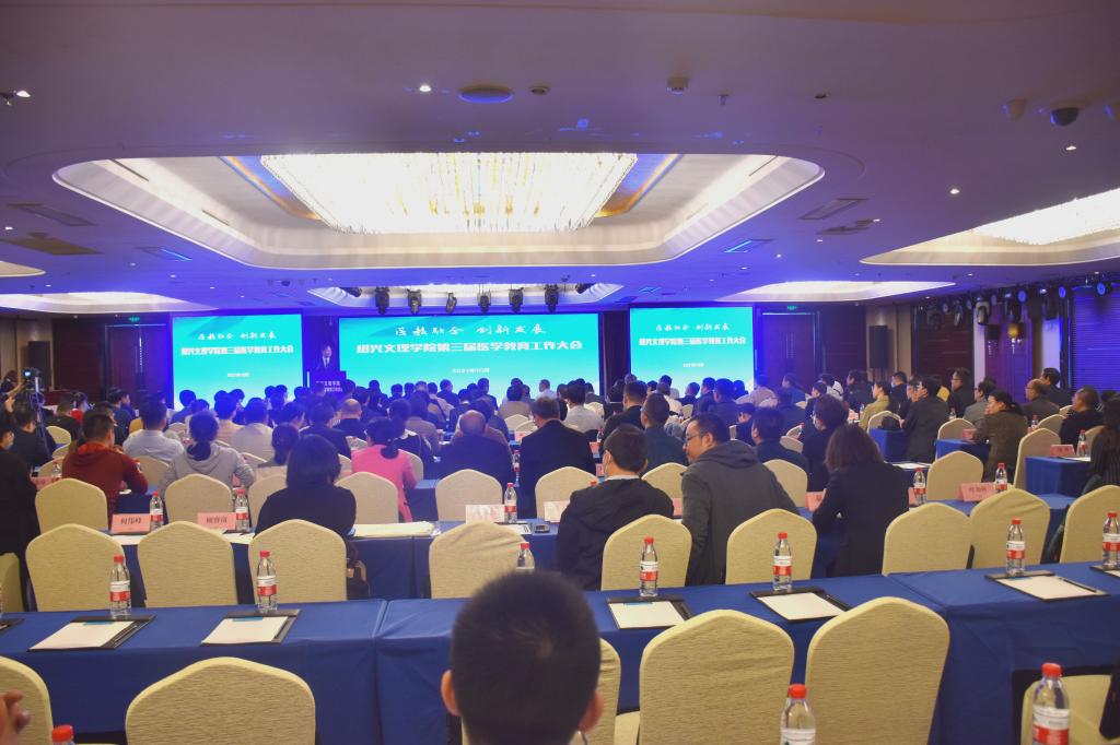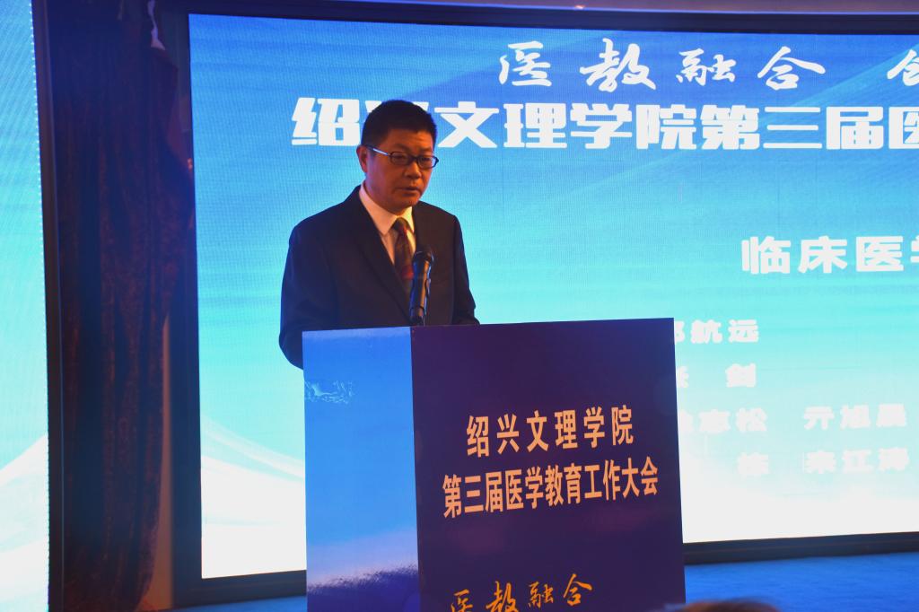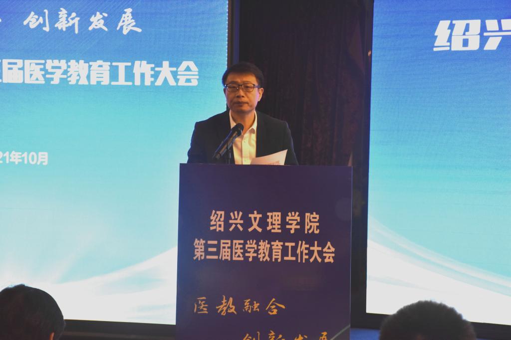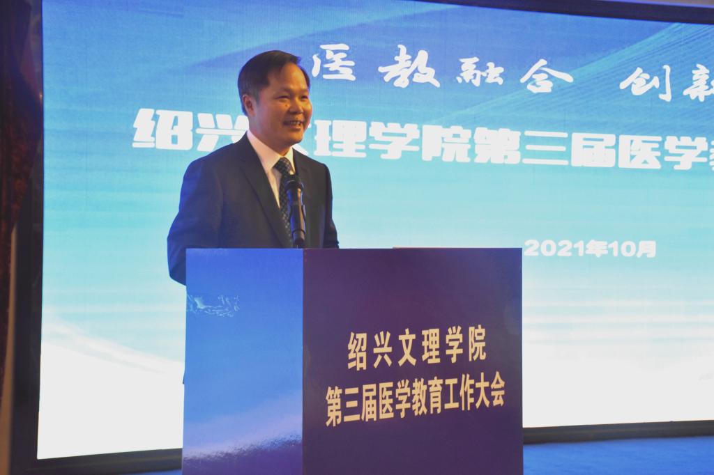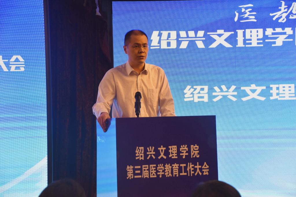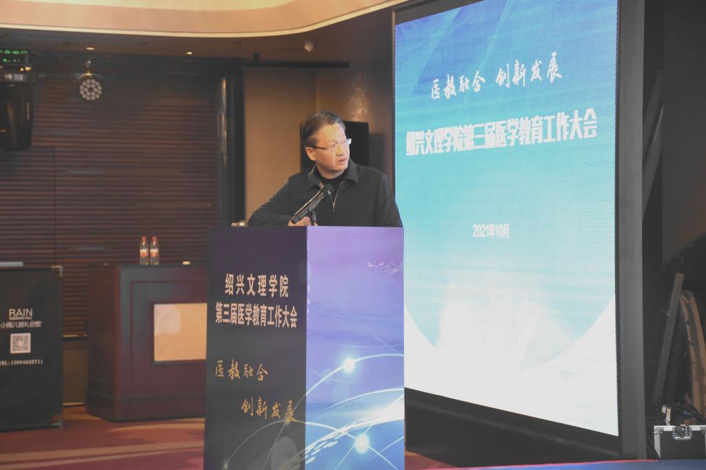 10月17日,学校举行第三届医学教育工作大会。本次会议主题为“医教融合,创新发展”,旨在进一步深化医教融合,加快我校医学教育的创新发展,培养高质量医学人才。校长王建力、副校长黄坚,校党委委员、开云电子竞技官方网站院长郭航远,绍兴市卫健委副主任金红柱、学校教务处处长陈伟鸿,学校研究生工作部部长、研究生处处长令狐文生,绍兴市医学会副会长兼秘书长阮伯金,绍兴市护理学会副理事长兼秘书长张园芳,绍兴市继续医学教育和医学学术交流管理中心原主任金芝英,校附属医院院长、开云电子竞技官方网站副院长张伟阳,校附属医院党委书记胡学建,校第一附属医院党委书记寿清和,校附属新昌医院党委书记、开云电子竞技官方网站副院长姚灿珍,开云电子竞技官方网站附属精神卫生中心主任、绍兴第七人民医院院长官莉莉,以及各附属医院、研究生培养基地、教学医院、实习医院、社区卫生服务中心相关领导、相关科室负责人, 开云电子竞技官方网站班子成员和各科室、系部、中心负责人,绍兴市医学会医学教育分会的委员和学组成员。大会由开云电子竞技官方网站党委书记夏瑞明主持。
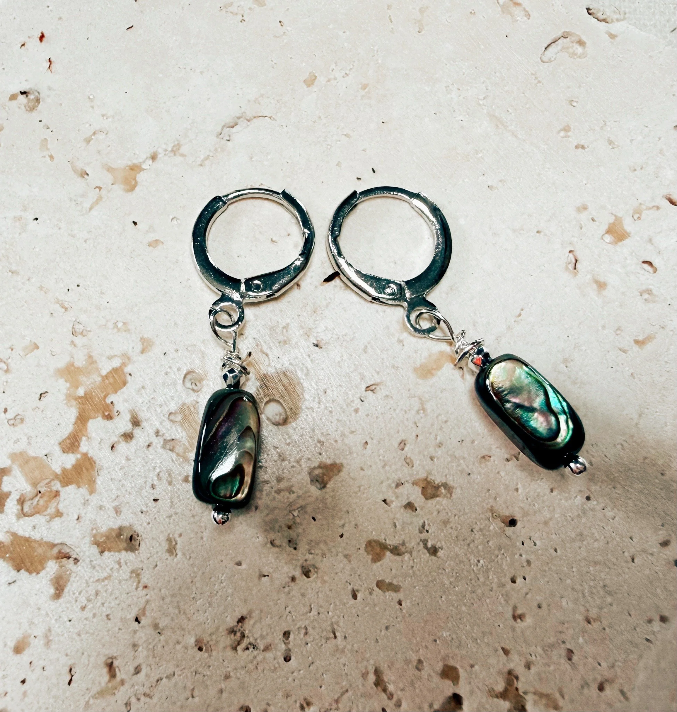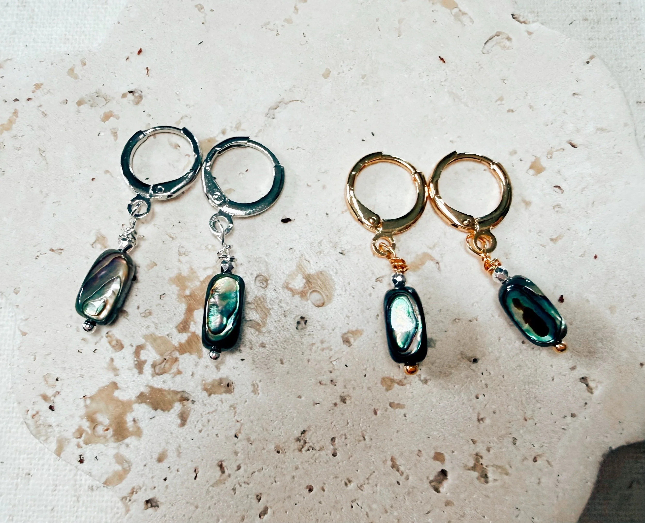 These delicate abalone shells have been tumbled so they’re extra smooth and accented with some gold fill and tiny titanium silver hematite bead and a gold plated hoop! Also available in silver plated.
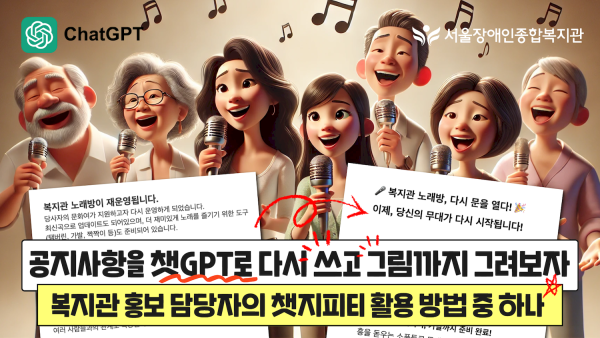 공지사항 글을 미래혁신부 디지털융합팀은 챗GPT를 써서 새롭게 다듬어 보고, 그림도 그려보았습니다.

◇ ◇ ◇ ◇ ◇ ◇ ◇

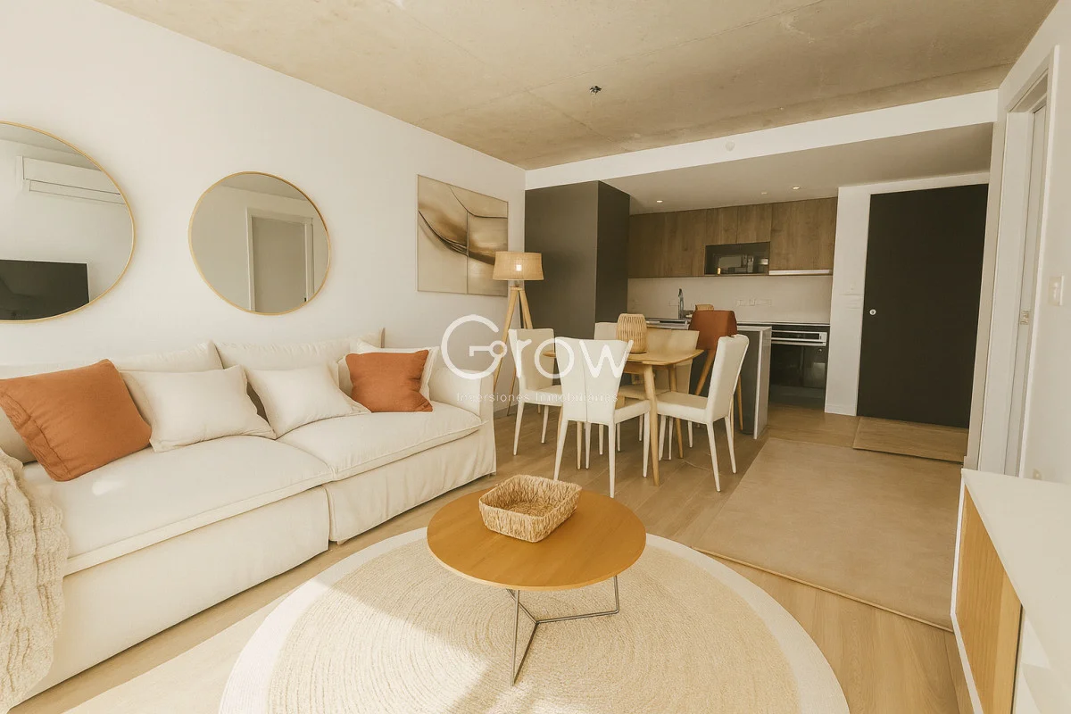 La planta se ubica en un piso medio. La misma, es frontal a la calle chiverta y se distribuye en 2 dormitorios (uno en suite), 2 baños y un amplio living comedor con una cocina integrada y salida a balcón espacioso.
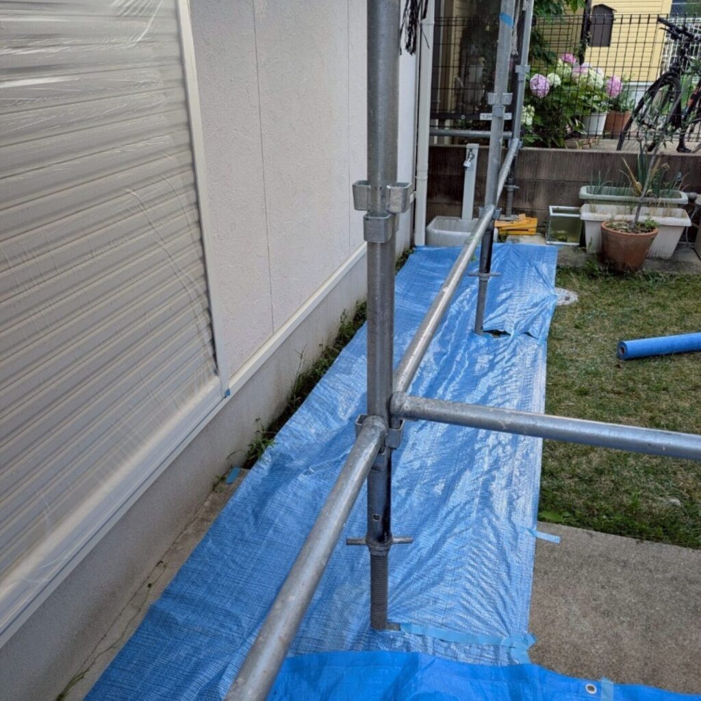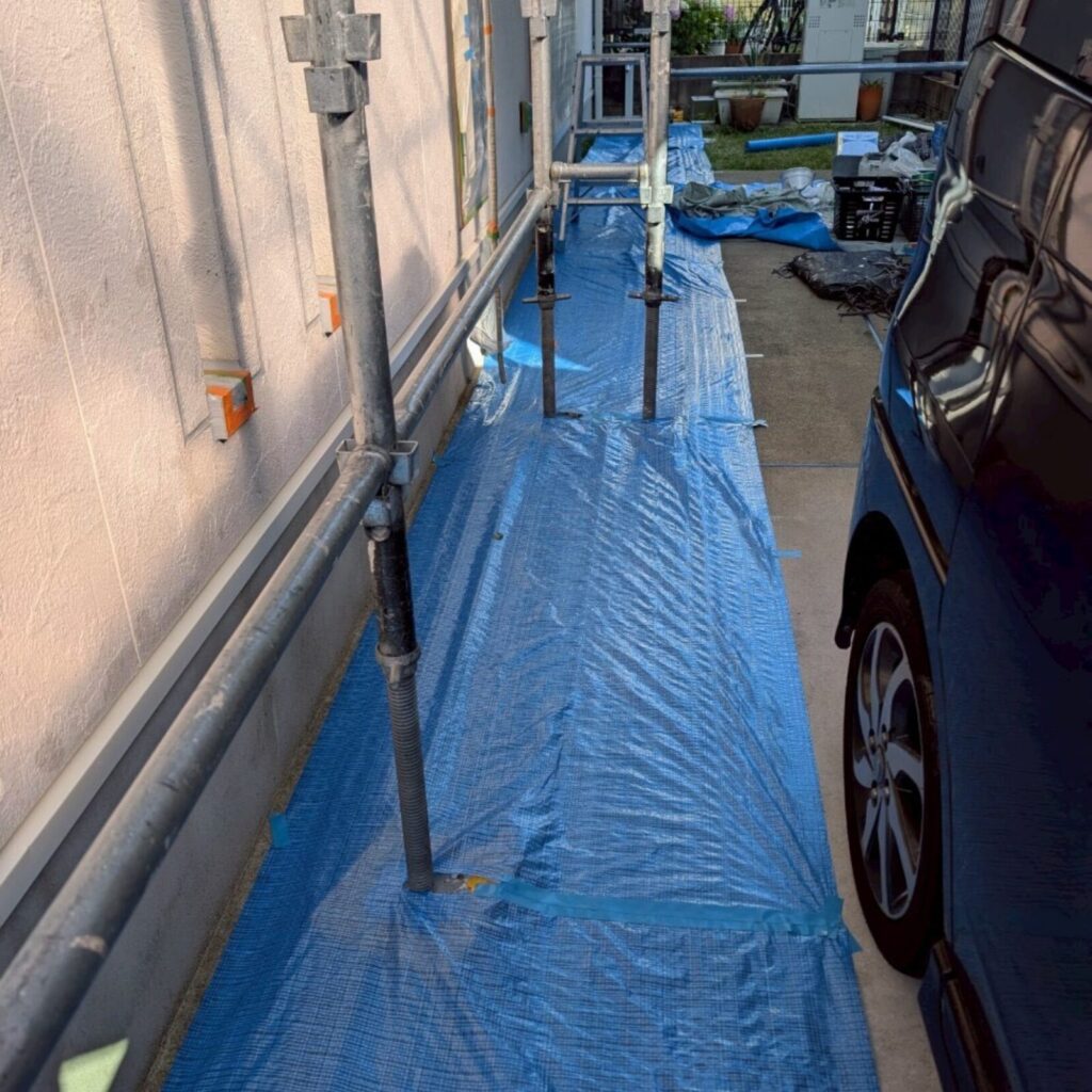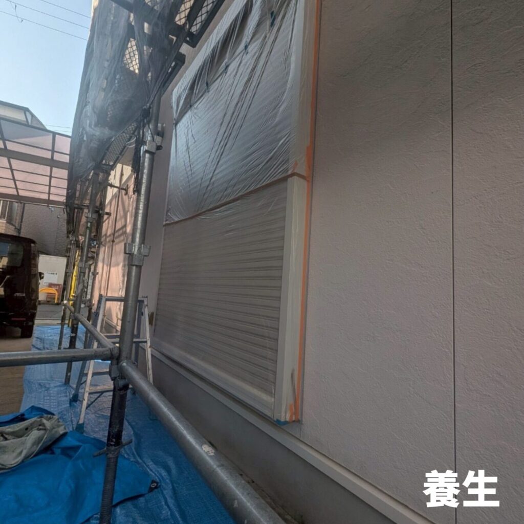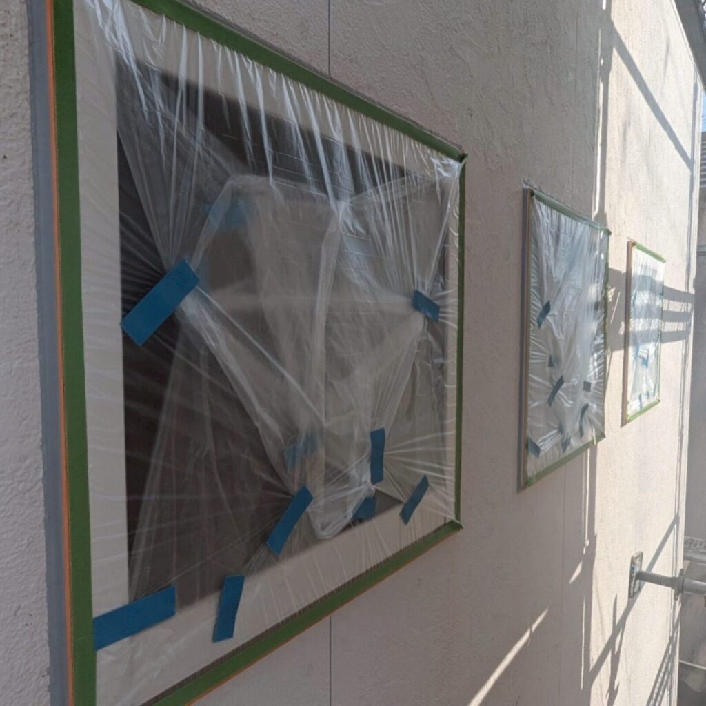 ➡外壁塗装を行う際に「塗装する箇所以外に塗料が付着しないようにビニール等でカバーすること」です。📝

◇ ◇ ◇ ◇ ◇ ◇ ◇

▶ Assigned task: Every line from the one with "10月17日,学校举行第三届" through the one with "공지사항 글을 미래혁신부" is to be reproduced exactly as written above, and the pictures are to be dropped.

▶ Task solution:
 10月17日,学校举行第三届医学教育工作大会。本次会议主题为“医教融合,创新发展”,旨在进一步深化医教融合,加快我校医学教育的创新发展,培养高质量医学人才。校长王建力、副校长黄坚,校党委委员、开云电子竞技官方网站院长郭航远,绍兴市卫健委副主任金红柱、学校教务处处长陈伟鸿,学校研究生工作部部长、研究生处处长令狐文生,绍兴市医学会副会长兼秘书长阮伯金,绍兴市护理学会副理事长兼秘书长张园芳,绍兴市继续医学教育和医学学术交流管理中心原主任金芝英,校附属医院院长、开云电子竞技官方网站副院长张伟阳,校附属医院党委书记胡学建,校第一附属医院党委书记寿清和,校附属新昌医院党委书记、开云电子竞技官方网站副院长姚灿珍,开云电子竞技官方网站附属精神卫生中心主任、绍兴第七人民医院院长官莉莉,以及各附属医院、研究生培养基地、教学医院、实习医院、社区卫生服务中心相关领导、相关科室负责人, 开云电子竞技官方网站班子成员和各科室、系部、中心负责人,绍兴市医学会医学教育分会的委员和学组成员。大会由开云电子竞技官方网站党委书记夏瑞明主持。
 These delicate abalone shells have been tumbled so they’re extra smooth and accented with some gold fill and tiny titanium silver hematite bead and a gold plated hoop! Also available in silver plated.
 공지사항 글을 미래혁신부 디지털융합팀은 챗GPT를 써서 새롭게 다듬어 보고, 그림도 그려보았습니다.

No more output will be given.